Bonhams’ £2.2m 25 July 2020 MPH auction 3rd August 2020

Bicester Heritage once again played host to the Bond St saleroom’s more affordable, MPH-branded division, an event that produced the biggest gross for the set-up yet.

Bonhams brought its auction viewing back into the main hangar at Bicester, writes Paul Hardiman, though once again conducted the closed-doors online sale from its nearby showroom at Kidlington, next to the amusingly named London Oxford Airport [some 63 miles from Hyde Park Corner - Ed.].

At a glance:

* Gross (motor cars): £2,158,143
* Percentage sold by number: 67%
* Top-selling car: 1927 Bentley 3 Litre Speed Model Sports Roadster £225,000 gross, £200,00 net (est. £200k to £250k)
* Well sold? A dedicated buyer waited patiently for the 1993 Porsche 911 (964) Turbo 3.6-litre and paid £164,250 with Bonhams standard MPH-sale 12.5% buyer’s premium (est. £100k to £130k)
* Well bought? At £112,500, the 1954 Aston Martin DB2/4. This was a well-prepared ‘event’ car, non-matching but with the right badge and heritage, all for modest money

Following a bunch of motorcycles, the large catalogue was a collection of a few high-end ‘Bonhams-type’ lots and a mixed bag of ‘MPH-type’ fare, though the results were released under the MPH tag and were missing the two star cars: the 1928 Bentley 41/2 with VdP-type body, bid to £345k – surely enough to sell in today’s market – and the first production Aston Martin V8 Zagato (bid to £260k).

MPH boss Rob Hubbard kicked off proceedings, with a slimline James Knight taking over just after the half-way mark, quickly deploying his traditional “The only one I’ve got today” gag over a very clean, 391-mile Rover Mini Cooper Sport 500, (£25,875).

Bonhams commented post-sale that 65% of lots were bought online, the rest coming via telephones and absentee bids submitted in advance.

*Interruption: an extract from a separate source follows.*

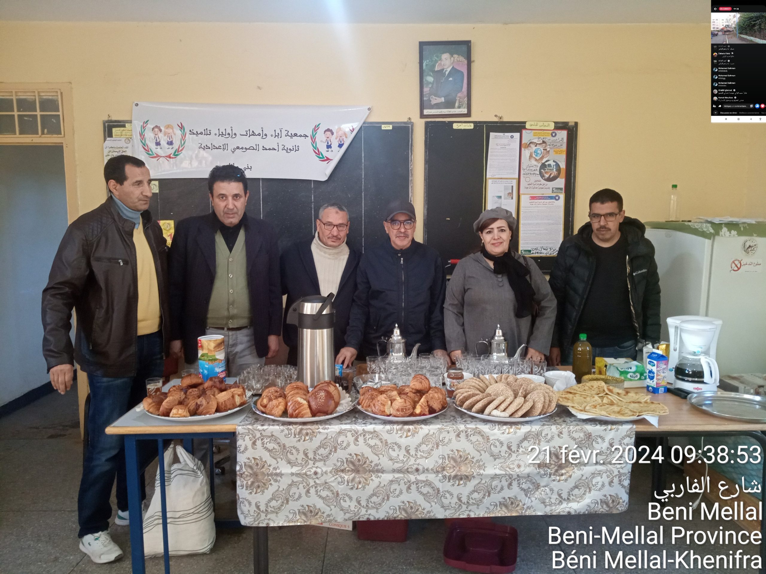 جمعية اباء وأمهات وأولياء تلاميدة اعدادية تانوية احمد الصومعي بني ملال ” تقوم بعملية تهيئة وجبات الفطور صباحا وأتناء المساء وجبة شاي.بمناسبة الامتحان المحلي الموحد السنة التالثة اعدادية على امتداد يوم التلاتاء والأربعاء والخميس .

Standout result was a Porsche 911 (964) Turbo that went far above its estimate to sell for £164.25k. The Bentley 3 Litre Speed Model was on the money at £225k all-in, as was a 1931 Rolls-Royce Phantom II with saloon body by HJ Mulliner at £84,375. An Aston DB2/4 looked good value at £112,500 considering its very sharp, recently restored condition, as did a RHD-converted 1963 E-type 3.8 roadster at £78,750. A lightly ‘Coombs-ised’ 3.8 Mk 2 Jaguar fetched £51,750 at the second attempt.

K500 comment:

Bonhams’ MPH-tagged online sales are the only game in town for the Bond St team right now until some sort of normality returns for better-quality cars with its ‘virtual Quail Lodge’ sale on 14 August, a planned live event at Bonmont, Switzerland, on 20 September and an auction at the closed-doors Goodwood meeting (format TBA) on 17 October. It’s hard creating the right atmosphere that suits the beard-and-slippers rear-entrance tonneau crowd as well as younger buyers seeking more in-vogue modern Porsches – as the results show.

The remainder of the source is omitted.